◆ **REQUIREMENT**:
Pictures stay out of the answer, but every line of the material must be restated exactly.

◆ **MATERIAL PROVIDED**:
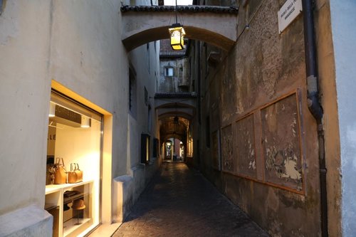 Оживленная торговля прерывается к семи вечера. Впрочем, к семи вечера и вся жизнь в Больцано начинает стремительно сворачиваться. Гуляя по городу после восьми, мы бродили уже по пустому городу. С учетом того, что в историческом центре Больцано много узких средневековых улочек в стиле подземного коридора, город становится угрюмым и мрачным. Наверное, поэтому его улицы спешно покидают одинокие прохожие. И на город опускается не только ночь, но и средневековье.
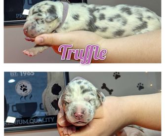 Puppy prices include a $500 non-refundable deposit and between $1,300 - $1,500 final payment, before taxes & fees.
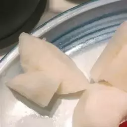 1、每块豆腐切为四件,放碟上,洒?茶匙盐于豆腐上,隔水蒸约10分钟。
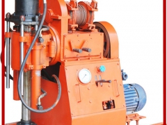 该类钻机采用全液压结构,分主机、泵站、操纵台三部分,主机为分体式结构,可进一步拆卸,便于搬运;主要使用硬质合金、金刚石复合片钻头回转钻进,同时也可配大口径的螺旋钻杆及取芯钻头,适应不同的钻探要求该钻机为动力头型底座式结构全液压钻机,主要用于煤矿井下钻进瓦斯抽(排)放孔、防突孔、注浆灭火孔、煤层注水孔、地质勘探孔及其它工程孔。

◆ **FINISHED EXERCISE**:
 Оживленная торговля прерывается к семи вечера. Впрочем, к семи вечера и вся жизнь в Больцано начинает стремительно сворачиваться. Гуляя по городу после восьми, мы бродили уже по пустому городу. С учетом того, что в историческом центре Больцано много узких средневековых улочек в стиле подземного коридора, город становится угрюмым и мрачным. Наверное, поэтому его улицы спешно покидают одинокие прохожие. И на город опускается не только ночь, но и средневековье.
 Puppy prices include a $500 non-refundable deposit and between $1,300 - $1,500 final payment, before taxes & fees.
 1、每块豆腐切为四件,放碟上,洒?茶匙盐于豆腐上,隔水蒸约10分钟。
 该类钻机采用全液压结构,分主机、泵站、操纵台三部分,主机为分体式结构,可进一步拆卸,便于搬运;主要使用硬质合金、金刚石复合片钻头回转钻进,同时也可配大口径的螺旋钻杆及取芯钻头,适应不同的钻探要求该钻机为动力头型底座式结构全液压钻机,主要用于煤矿井下钻进瓦斯抽(排)放孔、防突孔、注浆灭火孔、煤层注水孔、地质勘探孔及其它工程孔。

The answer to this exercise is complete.